• _WHAT THE TASK REQUIRES_
What is needed is an exact transcription of the listing, with the images removed.

• _SOURCE DATA_
● ● ● ● ●
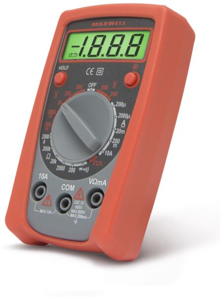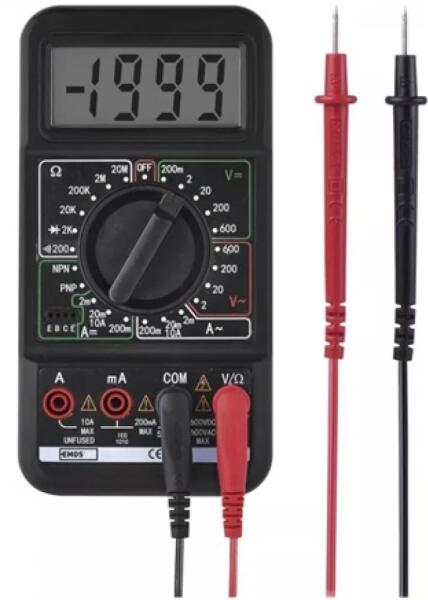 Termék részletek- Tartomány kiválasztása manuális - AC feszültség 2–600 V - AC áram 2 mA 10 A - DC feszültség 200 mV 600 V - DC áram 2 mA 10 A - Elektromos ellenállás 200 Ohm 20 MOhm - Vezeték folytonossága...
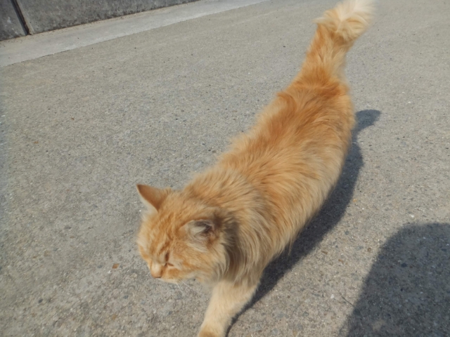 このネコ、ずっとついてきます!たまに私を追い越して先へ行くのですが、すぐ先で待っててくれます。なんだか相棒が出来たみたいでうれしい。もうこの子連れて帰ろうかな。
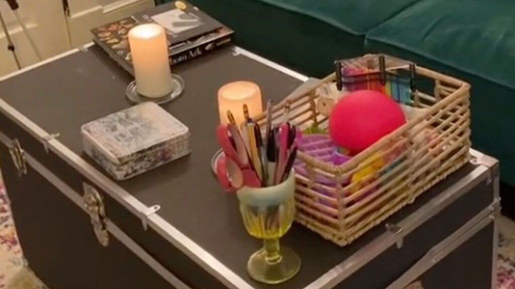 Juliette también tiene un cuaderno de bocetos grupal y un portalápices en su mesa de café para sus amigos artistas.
● ● ● ● ●
• _ANSWER SPACE_
 Termék részletek- Tartomány kiválasztása manuális - AC feszültség 2–600 V - AC áram 2 mA 10 A - DC feszültség 200 mV 600 V - DC áram 2 mA 10 A - Elektromos ellenállás 200 Ohm 20 MOhm - Vezeték folytonossága...
 このネコ、ずっとついてきます!たまに私を追い越して先へ行くのですが、すぐ先で待っててくれます。なんだか相棒が出来たみたいでうれしい。もうこの子連れて帰ろうかな。
 Juliette también tiene un cuaderno de bocetos grupal y un portalápices en su mesa de café para sus amigos artistas.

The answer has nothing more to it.